A History of Violence

(Promoted from comment discussion: http://www.haloscan.com/comments/emeasure/2688151665992694820/?src=hsr#212644)

Erhenreich:

Only three types of creatures engage in warfare--humans, chimpanzees, and ants. Among humans, warfare is so ubiquitous and historically commonplace that we are often tempted to attribute it to some innate predisposition for slaughter--a gene, perhaps, manifested as a murderous hormone. The earliest archeological evidence of war is from 12,000 years ago, well before such innovations as capitalism and cities and at the very beginning of settled, agricultural life. Sweeping through recorded history, you can find a predilection for warfare among hunter-gatherers, herding and farming peoples, industrial and even post-industrial societies, democracies, and dictatorships.

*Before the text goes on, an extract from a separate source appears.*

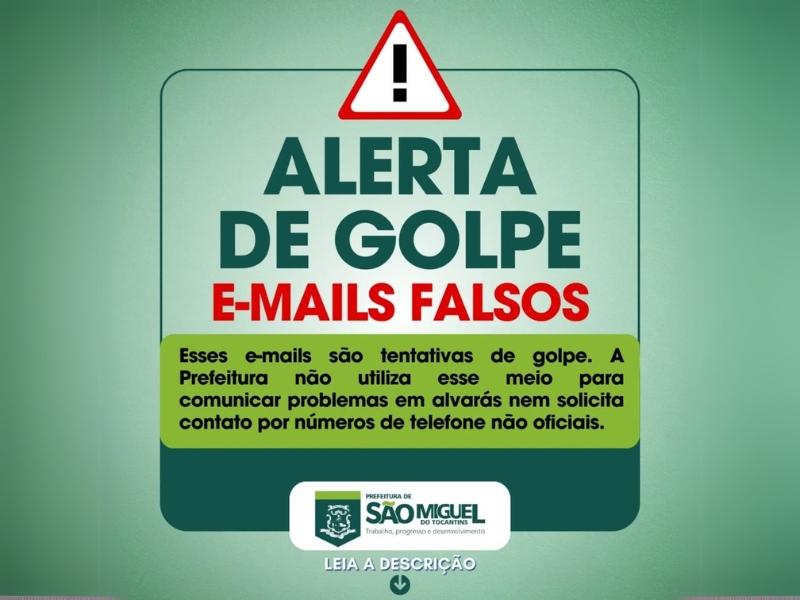 A Prefeitura Municipal de São Miguel do Tocantins, no Bico do Papagaio, está alertando a população sobre uma nova modalidade de golpe que tem como alvo fornecedores da administração pública. Criminosos estão enviando e-mails falsos em nome da Prefeitura, comunicando supostas irregularidades em alvarás de funcionamento e solicitando contato por meio de números de telefone não oficiais.

A reasonable start, but at that point Erhenreich goes completely off the rails. She starts by noting that war occurs not only in virtually every human society, but also in our closest animal relations, from whom we separated six million years ago. Next she wants us to believe that an instinct that served to protect us from maurauding beasts somehow survived a million years of our role as an apex predator despite the obvious carnage it wreaks among its practitioners. This does not compute.

She hopes to uproot war by considering it something external to ourselves. This is the folly of self-delusion, the very folly which perpetuates war. If you want to eliminate war, murder, rape, whatever, you need to face it honestly. She advances some feeble arguments that war is not natural:

Contrary to the biological theories of war, it is not easy to get men to fight. In recent centuries, men have often gone to great lengths to avoid war--fleeing their homelands, shooting off their index fingers, feigning insanity. So unreliable was the rank and file of the famed eighteenth century Prussian army that military rules forbade camping near wooded areas: The troops would simply melt away into the trees.


This ignores the obvious fact that there are always those willing and eager to volunteer for war. It also ignores the fact that games that simulate war are among the most popular forms of children's (actually, boy's) play.


Determined to raise our children violence free, my wife refused to let them have toy weapons. Until she noticed our three-year old chewing his slice of bread into a gun shape and pretending to fire it.

Of course she is also wrong about only ants, chimps, and us being warlike. Animals from coral reefs to lions to wolves engage in something very much like warfare. The reasons are obvious: competition for resources.


Napoleon Chagnon, who carefully studied the Yanomamo Indians of South America, noted and documented that killers left more offspring than "wimps." There is plenty of independent research to indicate that this result is usual in hunter gather societies. It could hardly be otherwise. War is such a dangerous activity that any propensity toward it would have been quickly extinguished if it weren't profitable, genetically speaking.

Our violent history was adaptive in the primitive hunter gather societies that were universal until 15000 years or so ago. There is little reason to suppose it is still adaptive for individuals, though it may still be for nations. Among nations, the strong survive and the weak feed the crows.

If you would eliminate war, start with reality, not fantasy. The reality is that our history of violence is radically incompatible with the notion that it is some sort of abberation. What is needed is not some fantasy of wishing and hoping it away, what is needed is attention to the factors that produce it and its replacement by moral equivalents.